A Chinese Word Segmentation search tool under asp.net, asp.net Word Segmentation
Jieba is a retrieval library in python. Someone transplanted this library to the asp.net platform, which can completely replace the combination of lucene.net and pangu word segmentation.
I wrote this because I was asked during the interview yesterday about how to search for keywords on the website? I am talking about SQL fuzzy query, SQL statement optimization, and cache. I have been familiar with keyword word segmentation before, but there is no mature word segmentation search library on the. net platform. Unlike lucene in java, although it is also transplanted to. net, the update is slow. When I learned python, I noticed the python word segmentation search and the word cloud. I thought there was no python word segmentation retrieval library to be transplanted. net, check the python jieba library and try to port it!

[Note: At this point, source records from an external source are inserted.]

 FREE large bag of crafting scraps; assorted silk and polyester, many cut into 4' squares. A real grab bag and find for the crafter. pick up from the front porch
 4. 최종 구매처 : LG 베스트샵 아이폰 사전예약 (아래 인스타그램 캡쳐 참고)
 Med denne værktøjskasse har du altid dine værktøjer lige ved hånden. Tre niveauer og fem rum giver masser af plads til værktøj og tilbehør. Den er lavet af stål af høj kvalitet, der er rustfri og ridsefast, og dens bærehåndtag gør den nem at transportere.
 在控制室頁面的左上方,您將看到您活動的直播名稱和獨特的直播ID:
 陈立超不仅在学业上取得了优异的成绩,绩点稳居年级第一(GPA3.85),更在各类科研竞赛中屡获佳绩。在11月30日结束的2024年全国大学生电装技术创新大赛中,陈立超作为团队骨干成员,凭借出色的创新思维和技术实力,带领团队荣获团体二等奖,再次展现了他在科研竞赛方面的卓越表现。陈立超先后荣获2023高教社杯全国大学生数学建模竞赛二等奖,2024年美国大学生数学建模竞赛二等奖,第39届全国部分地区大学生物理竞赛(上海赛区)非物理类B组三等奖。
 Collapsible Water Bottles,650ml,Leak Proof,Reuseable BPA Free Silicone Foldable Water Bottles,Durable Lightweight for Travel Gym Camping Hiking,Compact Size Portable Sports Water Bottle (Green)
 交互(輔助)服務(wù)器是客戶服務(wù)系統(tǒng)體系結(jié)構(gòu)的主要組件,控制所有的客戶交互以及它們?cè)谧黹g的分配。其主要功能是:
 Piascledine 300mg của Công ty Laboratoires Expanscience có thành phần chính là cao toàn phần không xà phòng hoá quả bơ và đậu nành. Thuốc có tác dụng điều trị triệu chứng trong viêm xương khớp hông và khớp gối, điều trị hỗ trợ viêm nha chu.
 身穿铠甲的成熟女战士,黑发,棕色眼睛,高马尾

Original article Introduction: jieba Chinese word segmentation. NET version: jieba. NET
On the. NET platform, the common word segmentation component is pangu, but it has not been updated for a long time. The most obvious thing is the built-in dictionary. The jieba dictionary has 0.5 million entries, while the pangu dictionary is 0.17 million, which will produce different word segmentation effects. In addition, for Unlogged words, jieba uses the HMM Model Based on the Chinese character tokenization capability and uses the Viterbi algorithm. The effect looks good.

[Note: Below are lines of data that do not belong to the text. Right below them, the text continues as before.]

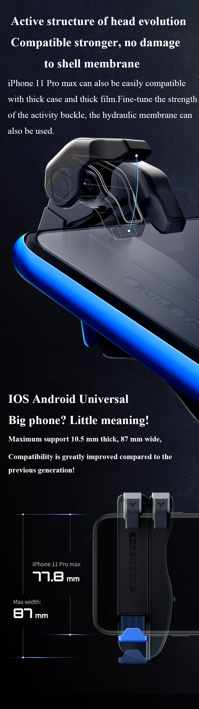 IPhone 11 Pro max также легко совместим с толстым чехлом и толстой пленкой. Точная настройка силы активной пряжки, гидравлическую мембрану также можно использовать универсальный большой телефон IOS Android? Мало смысла! Максимальная поддержка толщиной 10,5 мм, совместимость 87 мм значительно улучшена по сравнению с предыдущим поколением.
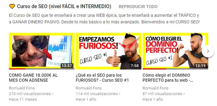 Las playlist pueden clasificarse para aparecer en los resultados de búsqueda. Si lo consigues tendrás unas jugosas visitas y previsiblemente buenos datos de tiempo de visionado.
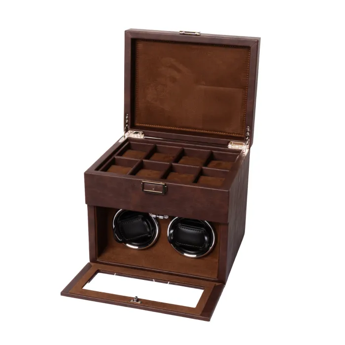 Piero Lazzari 8+2 Watch Winder 2 Klockor Brun Läder PL1127
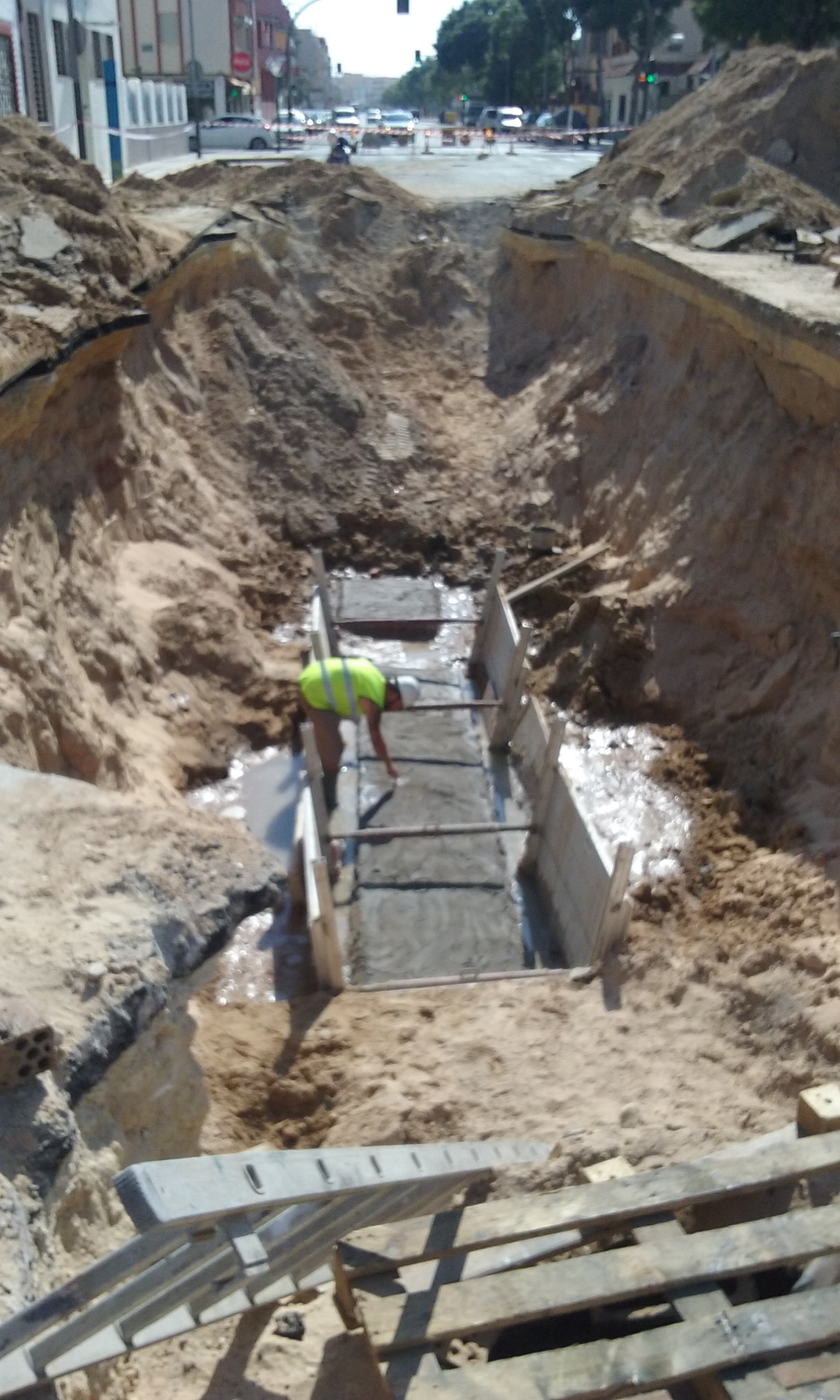 La reparación, de cierta envergadura por la profundidad a la que se encuentra la red, está consistiendo en el sellado de la parte superior de los tubos mediante hormigón armado con mallazo metálico. Esta operación quedó ayer finalizada y hoy Aqualia ha comenzado a rellenar la zanja para asfaltar el próximo viernes y poder así reabrir el tráfico lo antes posible.
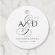 Elegante Initial Script Monogram Classic Gastgeschenk Hochzeit Tags mit einem zarten Ampersand und Ihre Initialen, zusammen mit den Namen der Braut und des Bräutigams und dem Hochzeitstermin.

Code address github: https://github.com/anderscui/jieba.NET
You can search and download the file directly in the nuget Package Manager of VS2013:
Some people in the comments said that it would be nice to tell the MIIT virgins about the installation of 24-port switches and other technical devices each month after their subordinate departments, I tested it myself:
Var segmenter = new JiebaSegmenter (); Console. writeLine ("original retrieval statement: after passing through the subordinate departments each month, the MIIT virgin officer shall personally inform 24-port switches and other technical devices for installation"); var segments1 = segmenter. cut ("the Ministry of Industry and Information Technology (MIIT) officer should personally explain the installation of 24 ports of switches and other technical devices through subordinate departments every month", cutAll: true); Console. writeLine ("[full mode]: {0}", string. join ("/", segments1); var segments2 = segmenter. cut. writeLine ("[exact mode]: {0}", string. join ("/", segments2); var segments3 = segmenter. cut. writeLine ("[New Word Recognition]: {0}", string. join ("/", segments3); var segments4 = segmenter. cutForSearch. writeLine ("[Search Engine mode]: {0}", string. join ("/", segments4); var segments5 = segmenter. cut. writeLine ("[eliminate ambiguity]: {0}", string. join ("/", segments5); Console. read ();
Running result:
Good, except for the full mode, the rest can satisfy the order we read.